As inflation settles to the Bank of Canada’s two-percent target and interest rate cuts persist, Canadians can look forward to a more favourable mortgage landscape in 2025. Industry experts anticipate that lower mortgage rates and increased competition among lenders will create better opportunities for homeowners and prospective buyers alike.
In recent years, Canadians have grappled with higher interest rates as the Bank of Canada responded to rising inflation with aggressive rate hikes. This policy brought significant challenges for mortgage holders, particularly those with variable-rate loans. However, the tide began to turn in mid-2024 when the central bank started cutting its benchmark rate, reducing it by 175 basis points across five consecutive decisions.
Among these reductions were two substantial 50-point cuts in October and December. The Bank of Canada’s policy rate now sits at 3.25 percent, a far cry from its previous highs. Economists expect the rate-cutting trend to continue into 2025, albeit at a slower, more measured pace. This gradual decline in rates is expected to ease financial pressure on many Canadians while opening up new opportunities for those entering or re-entering the housing market.
With rates trending downward, 2025 could mark the resurgence of variable-rate mortgages. Unlike fixed-rate mortgages, which are influenced by bond market activity, variable-rate loans are tied directly to the prime lending rate and, by extension, the central bank’s policy rate.
Experts suggest that the bond market, which dictates fixed rates, has been particularly resistant to change. Since October, benchmark five-year bond yields have fluctuated within a narrow range of 2.74 to 3.31 percent. This lack of significant movement has kept fixed rates relatively stable.
In contrast, variable-rate mortgages are poised to offer greater benefits as central bank rate cuts lower the prime rate. While variable rates remain slightly higher than fixed rates at present, many homeowners are beginning to see a brighter future ahead. Some are even opting to take on the short-term pain of higher payments, confident that rates will fall further in the coming months.
By 2025, it is widely anticipated that variable-rate mortgages will undercut fixed-rate options, making them an attractive choice for many borrowers. Nevertheless, fixed rates are expected to retain their popularity, particularly for three-year terms, which have surged in demand over recent years due to their stability and flexibility.
An estimated 40 percent of Canadian mortgages will come up for renewal in 2025, presenting both challenges and opportunities for homeowners. While many will face higher renewal rates compared to their initial terms, the competitive lending environment could help offset some of the financial strain.
The elimination of the stress test requirement for uninsured mortgage borrowers switching lenders is expected to give Canadians more freedom to explore their options. This regulatory shift enables borrowers to shop around for better deals without undergoing additional financial scrutiny, encouraging competition among lenders.

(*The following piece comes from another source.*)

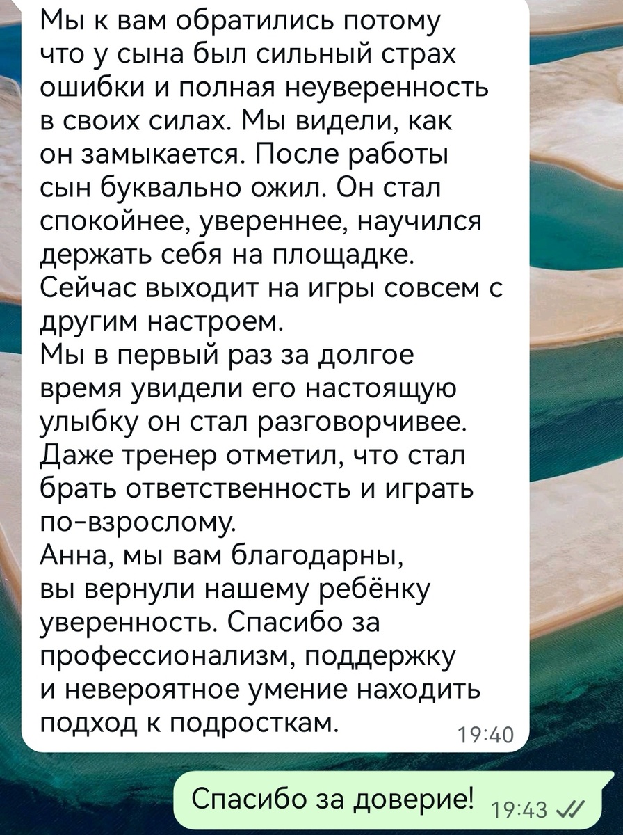 Хочу поделиться одной историей из моей практики. Парень 15 лет, баскетболист. С хорошей антропометрией. И при этом играл в “горячую картошку”, как сказали его родители. А его слова: - «Я получаю мяч, и в голове одно: быстрее отдать пока не ошибся, не потерял его, не накричали и как итог не заменили» И дальше стандартный сценарий, знакомый многим спортсменам, которые бояться ошибки: - потери мяча с первых минут, - суетливые действия, - не идти бросать в удобных ситуациях, - страх перед соперниками, что отберут мяч, - и всё больше времени проводить на скамейке. "Тренер начал разочаровываться, и в какой-то момент открыто сказал мне: - Я не понимаю, что с тобой случилось, ты был надёжным игроком. Сейчас ты боишься. На тебя нельзя положиться" Эти слова для парня были как приговор, они проникли в сознание очень глубоко, и он поверил этому. 🏀Где всё началось🏀 На диагностике выявили ситуацию, которую часто встречаю у юных спортсменов. Первая официальная игра. Полный зал. Роди

Banks and other financial institutions are likely to vie for business through promotional offers and rate reductions. Experts predict a return to “mortgage rate wars,” with lenders offering attractive deals to gain an edge over competitors. Smaller lenders may also seize the opportunity to undercut larger institutions by shaving off basis points, creating a dynamic and competitive marketplace.
For borrowers, this translates into greater negotiating power. Whether renewing a mortgage or exploring alternative lenders, Canadians in 2025 can expect more options and potentially favourable terms. However, it remains crucial for borrowers to compare offers carefully and consider long-term financial implications.
Despite the promising outlook, economic uncertainties loom over the mortgage landscape. One major concern is the potential impact of external factors, such as trade disputes with the United States. For instance, proposed tariffs on Canadian imports could disrupt the economy, potentially triggering inflationary pressures and altering the Bank of Canada’s monetary policy.
Should these tariffs come into effect, the economic landscape could shift dramatically, forcing the central bank to pause or reverse its rate-cutting trajectory. Such a scenario would have significant implications for mortgage holders and the housing market as a whole.
Economists emphasize the importance of staying vigilant in the face of these uncertainties. While the current trajectory points toward lower rates and a more competitive lending environment, external shocks could quickly change the narrative.
In summary, 2025 is shaping up to be a year of opportunities for mortgage holders and buyers alike. Lower rates, increased lender competition, and regulatory changes are expected to create a more favourable environment. Variable-rate mortgages are likely to gain popularity as rates continue to decline, while fixed-rate products will remain a stable choice for many.
However, caution is warranted. External economic factors, such as trade disputes or unexpected market shifts, could alter the outlook. Borrowers are encouraged to stay informed, seek professional advice, and remain flexible in their financial planning.
As Canada approaches 2025, the mortgage market promises a mix of relief and opportunity, tempered by the need for careful consideration of evolving economic conditions.